We have given consideration to the Amendment and have looked carefully into the matter, but we do not feel that markets can be properly classed with the kind of undertakings mentioned in the Clause, such as gas and water. The conditions under which markets are held vary very widely. Some are held under old charters, and in some cases there are special Acts which contain provisions for limited control. While this is the case in some instances, very frequently there are no restrictions at all. To accept the Amendment would be out of keeping with our intention in the Clause, which relates to public utility concerns. While I appreciate the point put by the hon. Member for Bishop Auckland (Mr. Dalton), I feel that it is not really one that we could accept, because it is not in conformity with the intentions of the Clause in relation to public undertakings.

Mr. Dalton

Do I understand that the Government simply say they will not give any further consideration to the case put by the Association of Municipal Corporations—that their mind is closed?

Lieut.-Colonel Colville

The suggestion that the hon. Gentleman now makes for the first time, that there should be a differentiation between municipal and privately-owned markets, is not one that we could accept.

5.8 p.m.

Sir Stafford Cripps

I completely fail to follow the argument that the right hon. and gallant Gentleman has put forward. He says that to exempt municipal markets would not be consonant with the spirit of the new Clause.

Lieut.-Colonel Colville

No—to exempt municipal markets and to include private markets. The Amendment was to exclude all markets, and the suggestion was made that we might differentiate between the two. It was then made for the first time. I say now that it is not one that commends itself to us.

Sir S. Cripps

Then I understand that I am wrong in saying that the reason for excluding municipal markets is that which was given with regard to markets as a whole, that is to say, that it would not be consonant with the spirit of the Clause? We have no other reason assigned as yet why municipal markets should not be excluded. One must assume that it would be consonant with the spirit of the Clause to exclude municipal markets. Does the right hon. and gallant Gentleman agree with that proposition? I want to get it quite clear. I gather that he does. I understand that he does not assign as a reason for rejecting an Amendment, if it were put down at a future stage, for excluding municipal markets, that such exclusion would not be consonant with the spirit of this Clause. That is what I first suggested and the right hon. and gallant Gentleman got up and denied it. I presume that his denial stands. There must, therefore, be some other reason, and we have not yet had any suggestion as to what that reason is. I should have thought that, when one is considering the class of utility which is set down already under Clause 5, harbour, dock, pier, road, bridge, ferry or tunnel, conservancy of a river, carriage of goods or passengers by road, the provision of facilities for the easy distribution of goods, which is what a market is, that was no different in its character from the provision of a similar facility by means of providing a harbour or a road or a bridge or carriage by rail or road. They are all means developed by the community for the purpose of making the distribution of goods cheaper and easier for the community, and there is no essential difference in nature between a market place where the goods are sold and the roads or vehicles by which the goods are conveyed to market. They are all part of the distribution service of the community.

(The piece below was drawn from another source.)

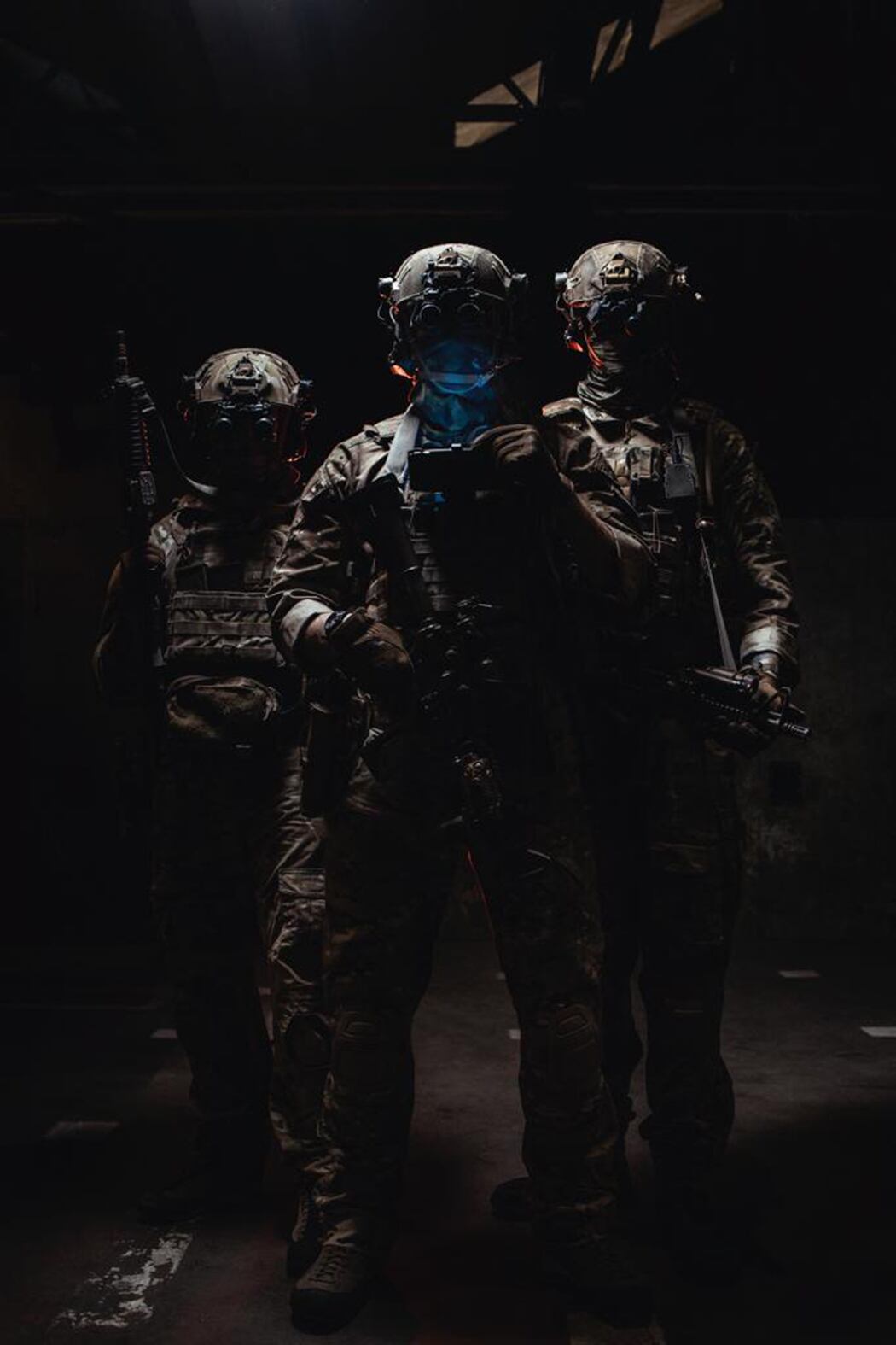 - 4GD cree que el combate cuerpo a cuerpo es una actividad física, visceral, y debe mantenerse en el mundo real, por lo que no hay auriculares. Donde entra lo virtual es en las áreas de combate que son demasiado caras, demasiado difíciles o demasiado peligrosas de llevar a cabo, como el lanzamiento de bombas, el apoyo cercano de francotiradores, etc. En nuestras instalaciones, el combate cuerpo a cuerpo (que tiene lugar en los edificios y salas) es físico, y el combate en profundidad es virtual (salas de simuladores alrededor del exterior de las instalaciones de entrenamiento que ejecutan gemelos digitales del espacio de entrenamiento “principal” real).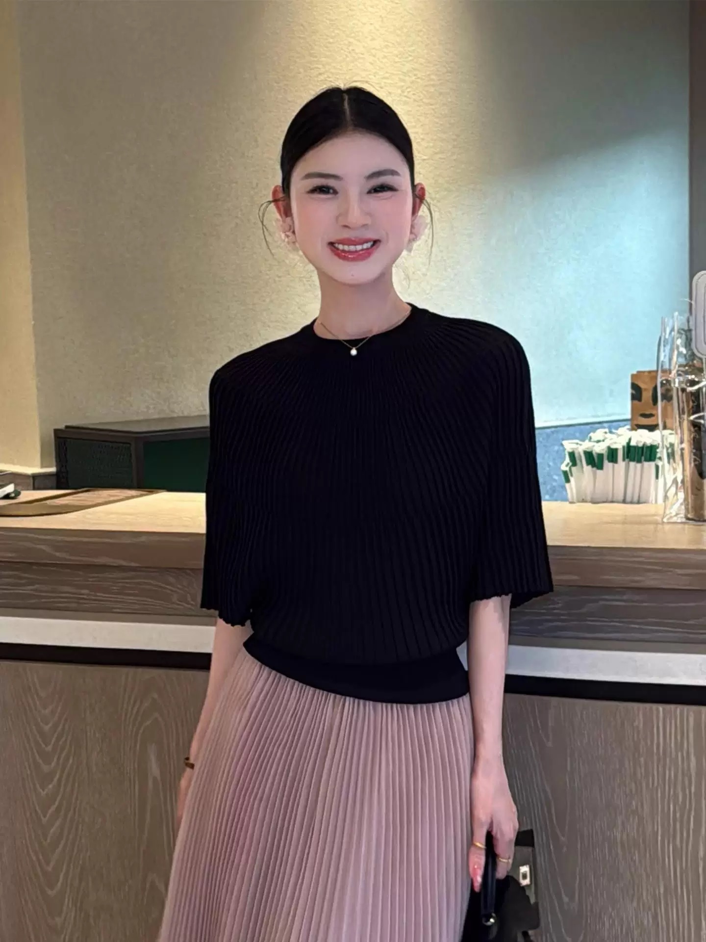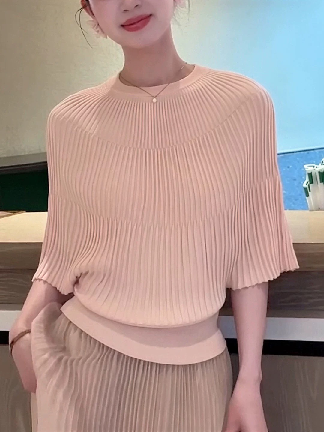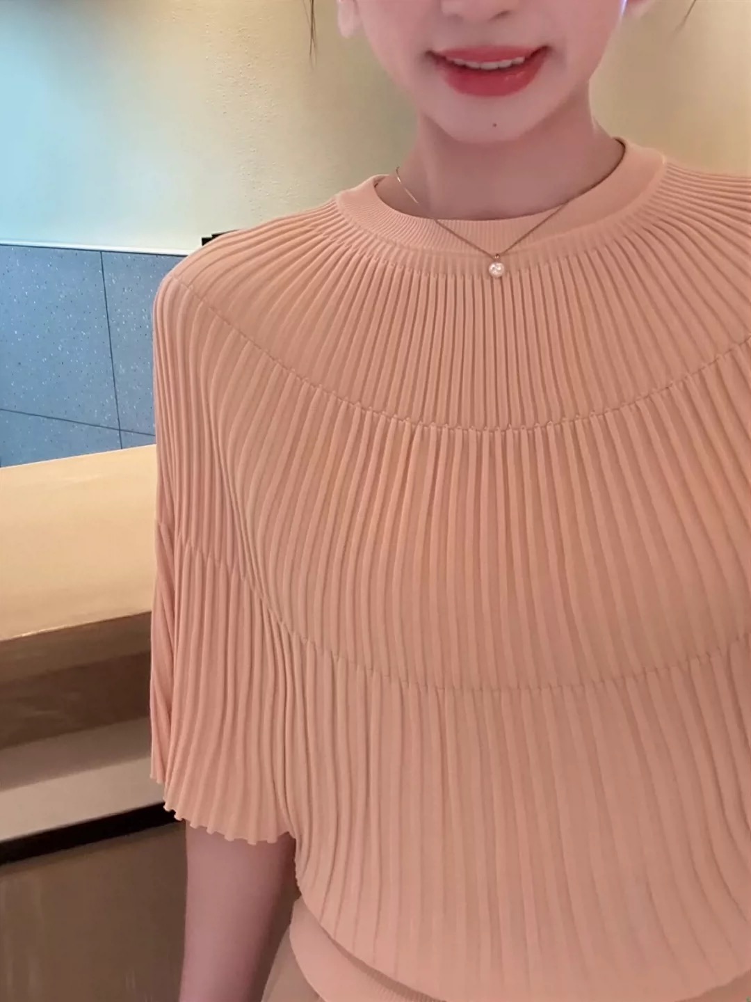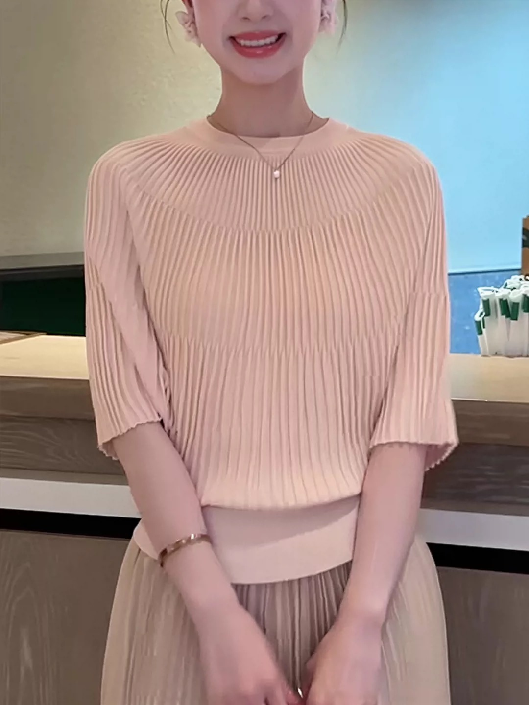 한 부서 착용 가져 가라. 반팔 니트 스웨터 여성 2026 새로운 여름 얇은 스타일 작은 셔츠 패션 슬림해 보이는 표지 고기 품격 맨위

I quite fail to understand any argument which has so far been put forward which would disqualify a market, but would yet qualify the other similar services for exemption from this tax. Where you have municipalities, which admittedly are not going in for the provision of markets for the purpose of making profit but for the purpose of providing essential facilities to the persons in their area, surely that is the best possible reason for giving an exemption under this Clause. Unless the right hon. and gallant Gentleman can give us some better reason than he has done at present, which is no reason at all, I think we might certainly press, if not now at a later stage, the exemption of municipal markets from this taxation.

5.13 p.m.

Mr. Marshall

May I say one more word? Under this Clause docks are exempted. What difference is there between a municipal market and a dock? Docks charge tolls and rent for stalls and places where people sell their fish. A dock is not only a loading station but a wholesale market as well in many cases and yet under this Clause a place like that is exempted and a place where you can sell dead meat is going to be taxed. It is possible under the Clause even to tax cemeteries, crematoria and baths owned by local authorities—sanitary undertakings which have been established in order to improve the public health of the community. The Financial Secretary says they cannot make a distinction. I appeal to him to reconsider that decision. I support the Amendment, because it deals with one of the activities of municipal authorities. I shall certainly take an opportunity on Report of moving an Amendment to exclude all municipal statutory undertakings.

5.15 p.m.

Mr. James Griffiths

May I offer one more reason why the Government ought to reconsider this? A number of municipalities own markets which are very widely used. In many cases they are old and the capital charges have been wiped off and they are making a substantial profit. The result is that there is available at the end of the financial year of the municipal authority a sum of money which is used very substantially in the relief of rates. I presume that in such a case an authority of that kind comes under this tax, and that as a result of the imposition of the tax the surplus which usually goes to the relief of rates will now be wiped out. I am speaking of the places where there are old-established markets which make some profits, such as is the case in my own town of Llanelly and other towns of that kind. They apply those profits, perhaps amounting to 2d., 3d., 4d., or even 6d. in the £, to the relief of the rates. That is a very substantial relief in the depressed areas where the rates are high.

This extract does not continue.